May 5, 2014

This action was filed by the insurer to determine its rights and obligations pursuant to a general liability insurance policy issued to the insured. This case is State Automobile Mutual Insurance Company v. Lucchesi, 2012 U.S. Dist. LEXIS 77733 (M.D. Pa. 2012).

Bronson was a patron at Champs where he was served alcoholic beverages by Lucchesi and others while he was visibly intoxicated. Bronson later left the bar and attempted to cross the street on which Champs is located. Bronson was hit by a car and suffered severe injuries. He then filed a lawsuit against Champs, Lucchesi and the other bartenders alleging negligence on their part by permitting him to leave the premises while visibly intoxicated, failing to administer programs designed to identify and assist intoxicated patrons, and failing to ensure that Bronson left the establishment with a competent individual.

The insurance policy covering Champs was issued by State Automobile Mutual Insurance Company. Based on the liquor liability exclusion on the policy, the insurer denied coverage and filed a declaratory judgment action to determine its duty to defend and indemnify the insured.
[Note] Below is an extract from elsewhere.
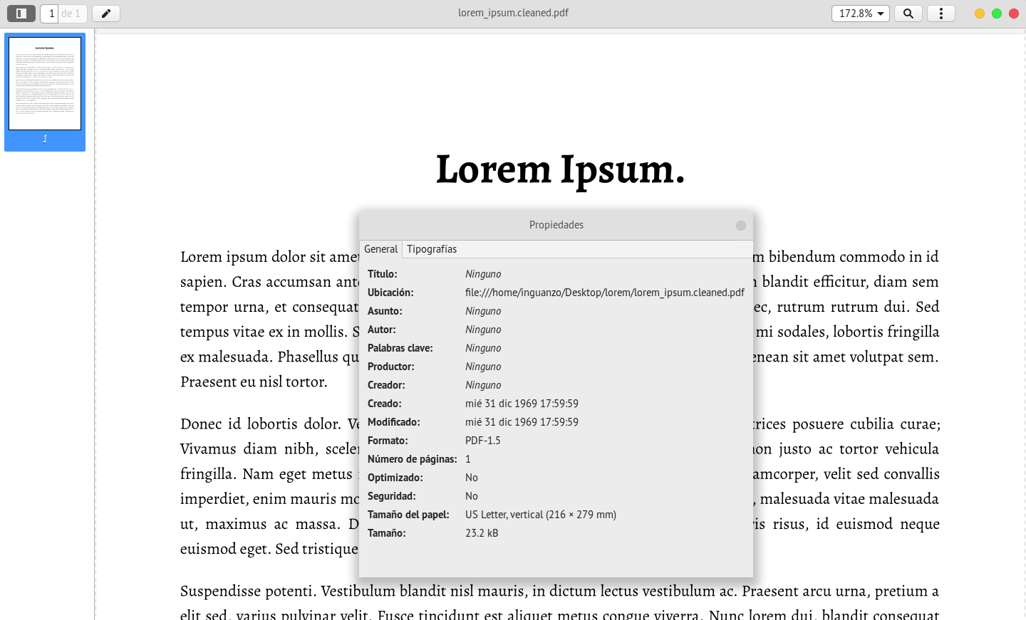 Como pueden ver en la imagen, se pueden ver los detalles de la fecha y hora de creación del archivo, las tipografías utilizadas y con que programa se hizo.

The U.S. District Court, M.D. Pennsylvania, noted that the sole dispute in this matter is the scope of the liquor liability exclusion, specifically whether Bronson's claims are excluded from coverage pursuant to the liquor liability exclusion. The insured claimed that while Bronson's complaint includes a number of claims based on the service of alcohol (and these are barred by the liquor liability exclusion), the complaint also includes claims of negligence that are not contingent on the service of alcohol.

In determining whether the liquor liability exclusion applies, the court said that it must look to the factual averments in the complaint, and not simply rely on the labels applied to those averments. Accordingly, the court went on, the overwhelming weight of authority dictates that when considering whether a liquor liability exclusion applies to a claim of negligence that does not specifically refer to the provision of alcohol, the reviewing court must consider whether the claims of negligence are inextricably intertwined with the negligent provision of alcohol. Where the claims of negligence are inextricably intertwined with, or not sufficiently independent of, the provision of alcohol, the liquor liability exclusion will bar coverage.

The court found that most of Bronson's claims against the insured are premised on the theory that Bronson was served alcohol after he was heavily intoxicated. Furthermore, if the court were to accept the insured's argument in favor of coverage, any commercial enterprise, even an enterprise that does not engage in the sale or distribution of alcohol, would have a legal duty, upon seeing an intoxicated person, to prevent him from leaving the establishment while intoxicated. The court said it could find no support in law for the finding of a duty in such circumstances. According to the court, the insured failed to identify any legal precedent for the proposition that a restaurant and bar has taken charge of its patrons when the patrons enter the premises.

The court decided that the only basis for concluding that the insured owed a duty to Bronson is as a result of having furnished him with alcohol while he was visibly intoxicated. Therefore, the court found that the claims of negligence are inextricably intertwined with the claims based on the furnishing of alcohol, and they fall under the clear and unambiguous terms of the liquor liability exclusion. The motion of the insurer was granted.

Editor's Note: The insured attempted to skirt the application of the liquor liability exclusion by claiming Bronson's charges of negligence were separate from the furnishing of alcohol. However, the U.S. District Court could find no precedents to support this theory. The court found that the claims of Bronson were based on the insured's serving of alcohol to Bronson and so, the liquor liability exclusion clearly applied.